Zhao X L, Huang L H, Wang X Y, DU Yt, Wang Xl, Cheng X H, Zhao L P, Li Y
Department of Otolaryngology Head and Neck Surgery, Beijing Tongren Hospital, Capital Medical University, Beijing Institute of Otolaryngology, Key Laboratory of Otolaryngology Head and Neck Surgery (Capital Medical University), Ministry of Education, Beijing, 100005, China.
Department of Anesthesiology, Peking University First Hospital.
Lin Chuang Er Bi Yan Hou Tou Jing Wai Ke Za Zhi. 2018 Jun 5;32(11):836-840. doi: 10.13201/j.issn.1001-1781.2018.11.009.

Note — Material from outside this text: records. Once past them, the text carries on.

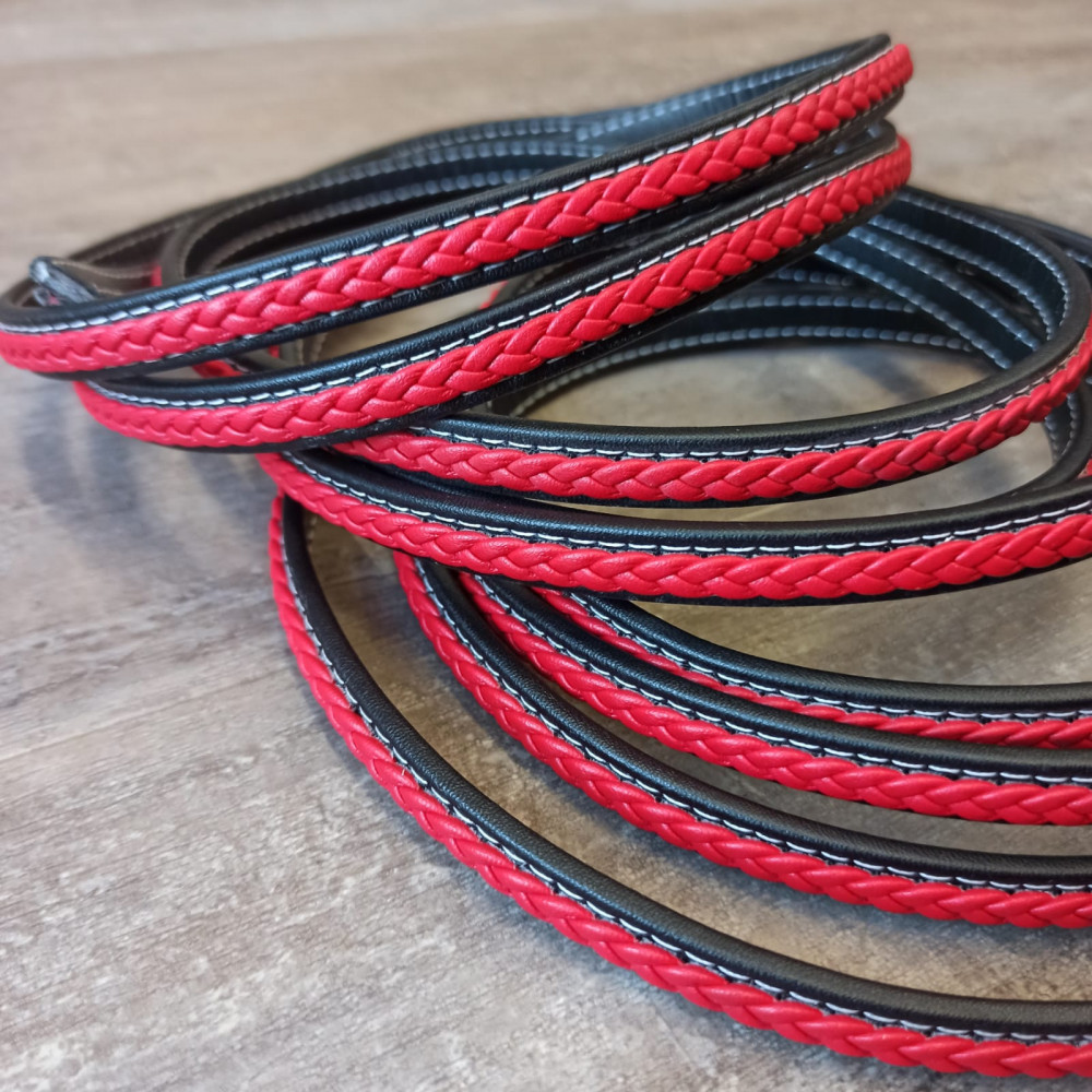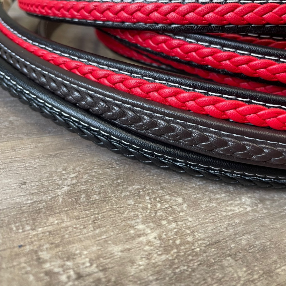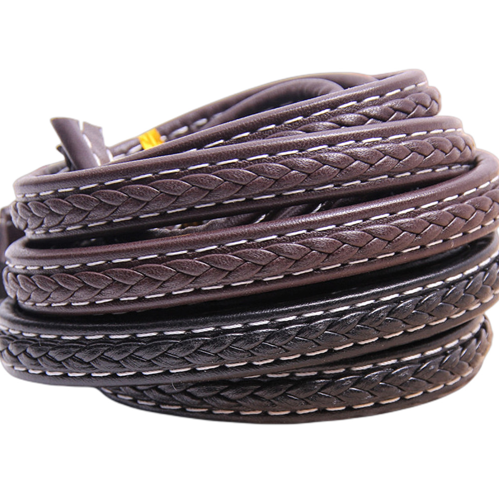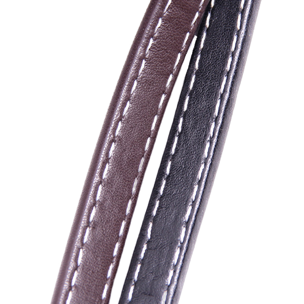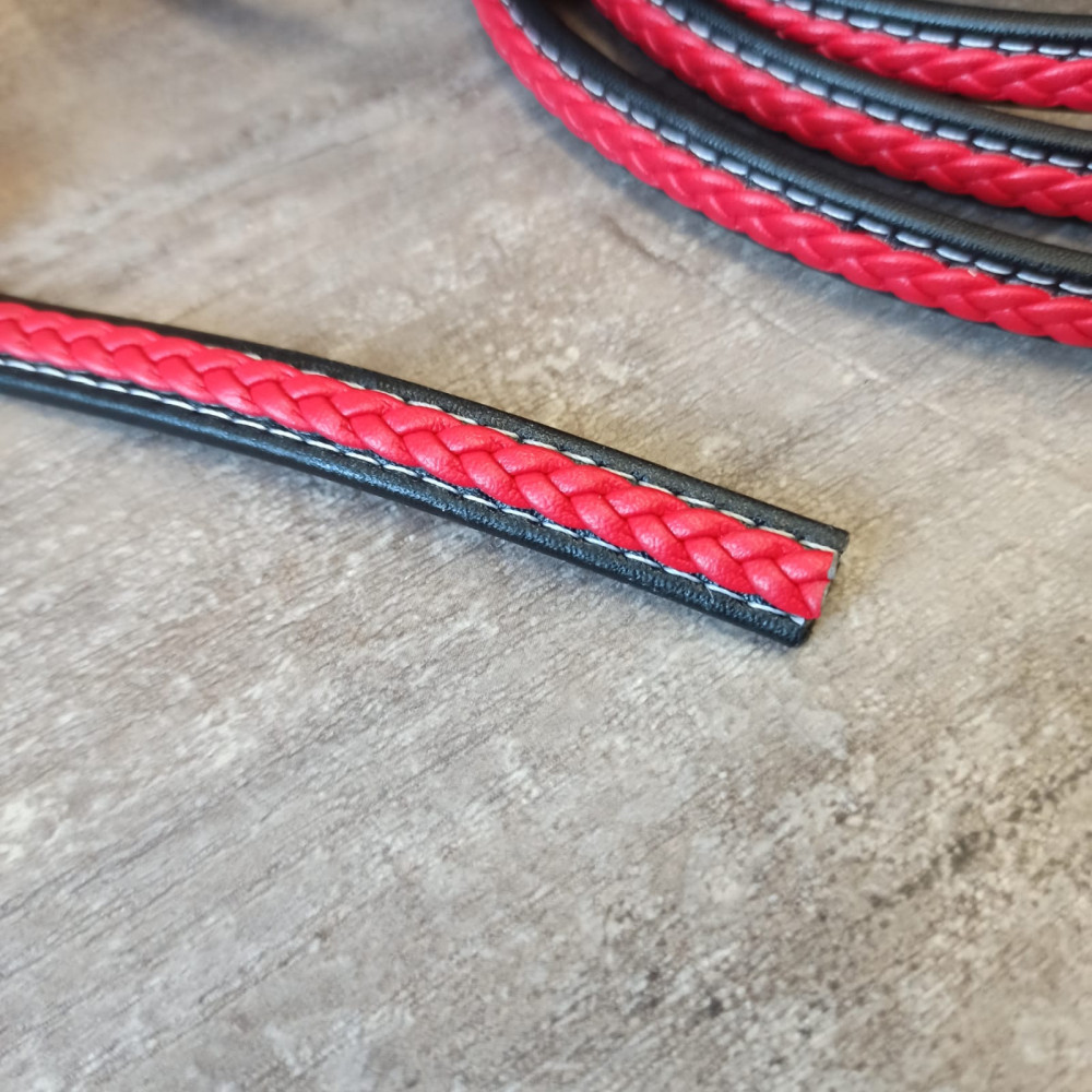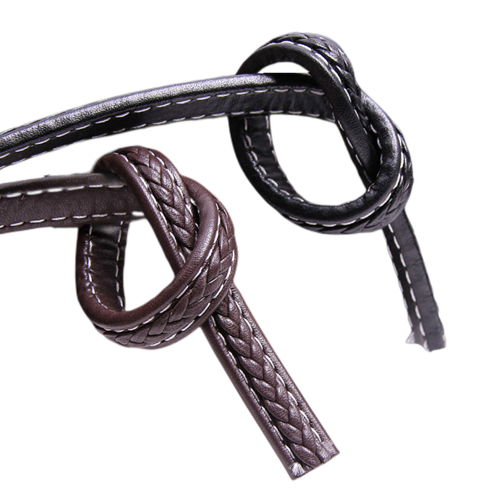 Шнур из искусственной кожи (микрофибра) двухслойный - на плоской основе лежит плоская плетеная "косичка". Сечение кожаного шнура 12х6 мм, цвет черный и коричневый - можно выбрать в списке опций. По краям шнур прошит белой нитью, что придает особую прочность краям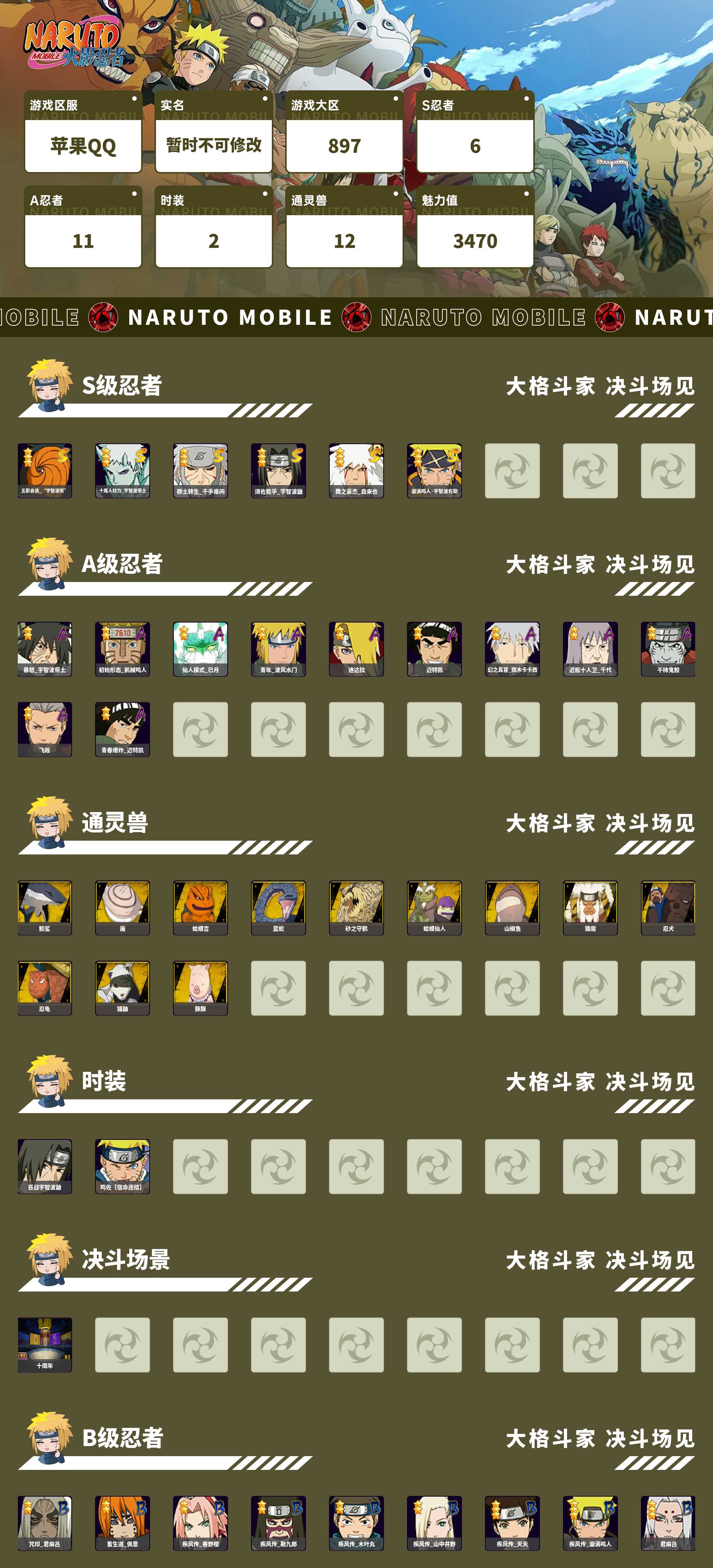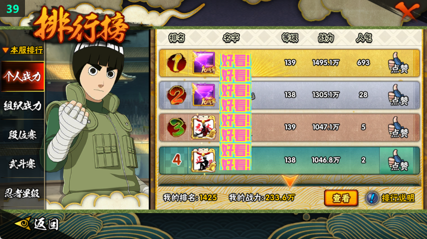 233w五影斑+十尾带土6s+小孩11A战力233账号等级1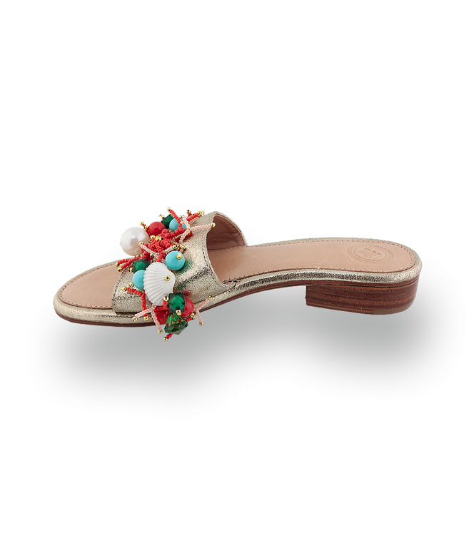 BaliBali Damen-Pantolette in Gold mit maritimem Schmuck
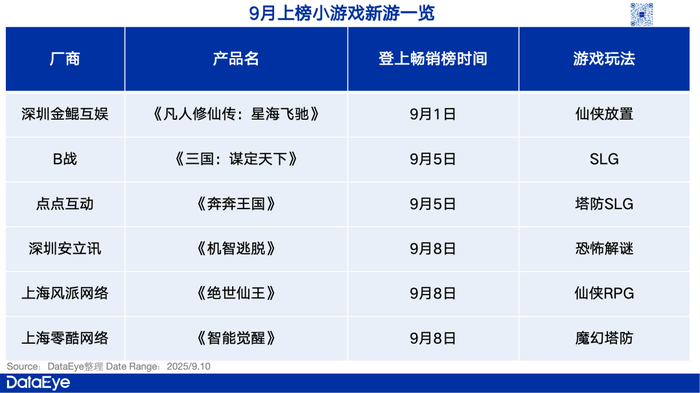小游戏赛道方面,截止至9月10日,新入榜(畅销榜)的小游戏,重点产品有B战《三国:谋定天下》、点点互动的《奔奔王国》。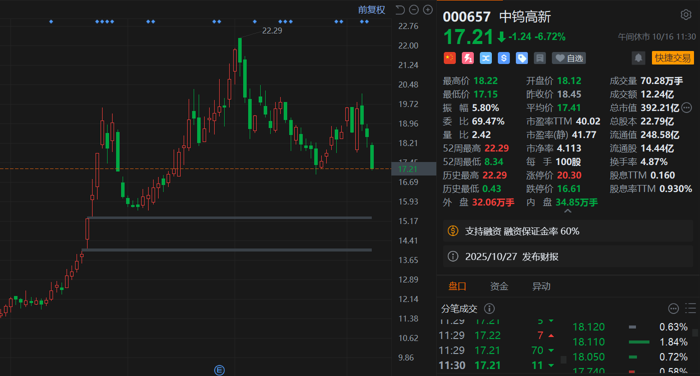 Core Viewpoint - Zhongtung High-tech (000657.SZ) experienced a 6.7% decline in share price, closing at 17.21 yuan, with its market capitalization falling below 40 billion yuan due to the unlocking of 189 million restricted shares on October 16, which represents 8.31% of the company's total equity [1]. Summary by Relevant Sections Share Price Movement - The stock price of Zhongtung High-tech dropped by 6.7% to 17.21 yuan, with a market cap now under 40 billion yuan [1]. - The stock reached a high of 18.22 yuan and a low of 17.15 yuan during the trading session [2]. Share Unlocking Details - On October 16, 1.89 million restricted shares were unlocked, which is part of a directed placement to institutional investors [1]. - In the past year, a total of 8.05 million shares have been unlocked, accounting for 0.35% of the total equity [1]. - After this unlocking event, there are still 835 million restricted shares remaining, which constitutes 36.62% of the total equity [1].

To explore the correlation of SLC26A4 genotype and audiology.The subjects were 70 children aged 0 to 7 years old, who were admitted to otological outpatient department.All subjects received nine crystal hereditary deafness gene chip and confirmed by (or)SLC26A4 gene full coding region detection.The patients were diagnosed as homozygous or compound heterozygous mutations.At the same time,acoustic immittance,auditory brainstem response, auditory steady state response and pediatric behavior audiometry, newborn hearing screening and other audiological tests were displayed. According to the genotype, the subjects were divided into two groups: group A (SLC26A4 gene homozygous mutation) in 40 cases, group B (SLC26A4 gene compound heterozygous mutation) in 30 cases. The frequency of SLC26A4 gene mutation, the two groups of genotypes and hearing screening results,the degree of hearing loss and audiometric configurations were analyzed statistically. In 70 patients, the top 4 of the 70 patients with high frequency of mutations were IVS7-2A> G(76.43%), 2168A> G(15.00%), 1226G> A(2.86%) and 2000T> C(2.16%), respectively. 34.29% of newborns passed hearing screening with single or double ears, among which group A and group B were 32.50% and 36.67%,respectively. There was no statistically significant difference between two groups in hearing screening. The degree of hearing loss in group A(56.25%) and group B(48.33%) were mainly profound and there was no significant difference between them. The audiometric configurations: group A(60.00%) was mainly high frequency loss type, while group B(55.00%) was mainly flat type. The difference between them was statistically significant.The mutation sites of SLC26A4 gene were mainly IVS7-2A> G, and the degree of hearing loss was mostly profound. To the audiometric configurations,SLC26A4 gene homozygous mutant were mainly high frequency loss type, while SLC26A4 gene compound heterozygous mutant were mainly flat type. 34.29% children passed universal newborn hearing screening with one ear at least, which indicates SLC26A4 gene mutations can result in late-onset hearing loss, so those patients should be attached great importance..
探讨SLC26A4基因分型与听力学表现的相关性。研究对象为70例0至7岁儿童,均来自耳科门诊。所有研究对象均接受九项遗传性耳聋基因芯片检测,并通过(或)SLC26A4基因全长编码区检测进行确诊,确诊为纯合或复合杂合突变。同时,展示了声导抗、听性脑干反应、听觉稳态反应及小儿行为测听、新生儿听力筛查等听力学检测结果。根据基因分型将研究对象分为两组:A组(SLC26A4基因纯合突变)40例,B组(SLC26A4基因复合杂合突变)30例。对SLC26A4基因突变频率、两组基因分型与听力筛查结果、听力损失程度及听力图构型进行统计学分析。70例患者中,突变频率前4位的依次为IVS7-2A>G(76.43%)、2168A>G(15.00%)、1226G>A(2.86%)和2000T>C(2.16%)。34.29%的新生儿单耳或双耳通过听力筛查,其中A组和B组分别为32.50%和36.67%,两组听力筛查差异无统计学意义。A组(56.25%)和B组(48.33%)听力损失程度均以极重度为主,两组间差异无统计学意义。听力图构型:A组(60.00%)以高频损失型为主,B组(55.00%)以平坦型为主,两组间差异有统计学意义。SLC26A4基因突变位点主要为IVS7-2A>G,听力损失程度多为极重度。就听力图构型而言,SLC26A4基因纯合突变主要为高频损失型,而SLC26A4基因复合杂合突变主要为平坦型。34.29%的儿童至少单耳通过新生儿听力普遍筛查,提示SLC26A4基因突变可导致迟发性听力损失,应予以高度重视。